Amid reports of more Russian troops moving closer towards Ukraine’s borders, President Vladimir Putin has insisted that Russia’s interests and security are non-negotiable.
He gave a video address, hours after US President Joe Biden warned of “the beginning of a Russian invasion”.
Russia was always “open for direct and honest dialogue”, he said, but he had full confidence in the military.
The West has announced a range of sanctions on Russian interests.
“We’ve cut off Russia’s government from Western financing,” Mr Biden said after Russia’s upper house of parliament authorized the president to send troops into two parts of eastern Ukraine controlled by Russian-backed separatists.

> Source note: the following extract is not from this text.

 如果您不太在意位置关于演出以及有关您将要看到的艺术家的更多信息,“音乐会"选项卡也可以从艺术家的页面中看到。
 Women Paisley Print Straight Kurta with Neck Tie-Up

Mr Putin earlier declared that Russia had recognized the independence of the so-called people’s republics of Luhansk and Donetsk, ordering Russian troops into the areas and tearing up a peace accord with Ukraine.
His claim that they would go to “maintain peace” was derided as nonsense by the West. Mr Biden said “to put it simply, Russia just announced that it is carving out a big chunk of Ukraine”.

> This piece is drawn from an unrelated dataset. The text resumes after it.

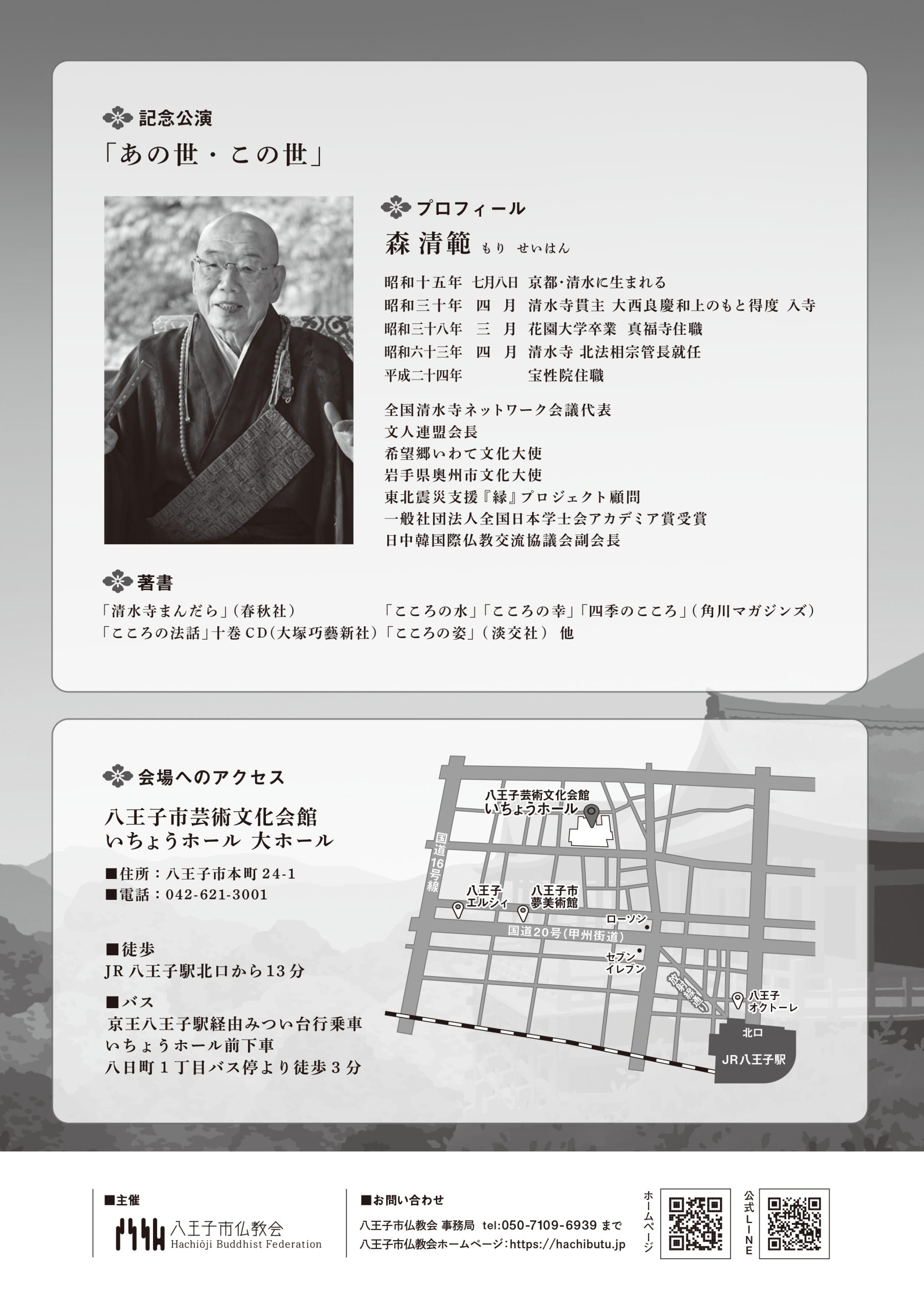 第二部の記念講演では、森清範師をお迎えし、「あの世・この世」と題してご講演いただきます。

Despite Mr Putin’s insistence that he was still open to diplomacy, France’s foreign minister and US Secretary of State Anthony Blinken both canceled planned meetings with Russia’s foreign minister, Sergei Lavrov.
It is not yet clear if any Russian troops have yet crossed the border into Ukraine. However, US satellite imagery has highlighted several new troop and equipment deployments in western Russia, and more than 100 vehicles at an airfield in Belarus near Ukraine’s border.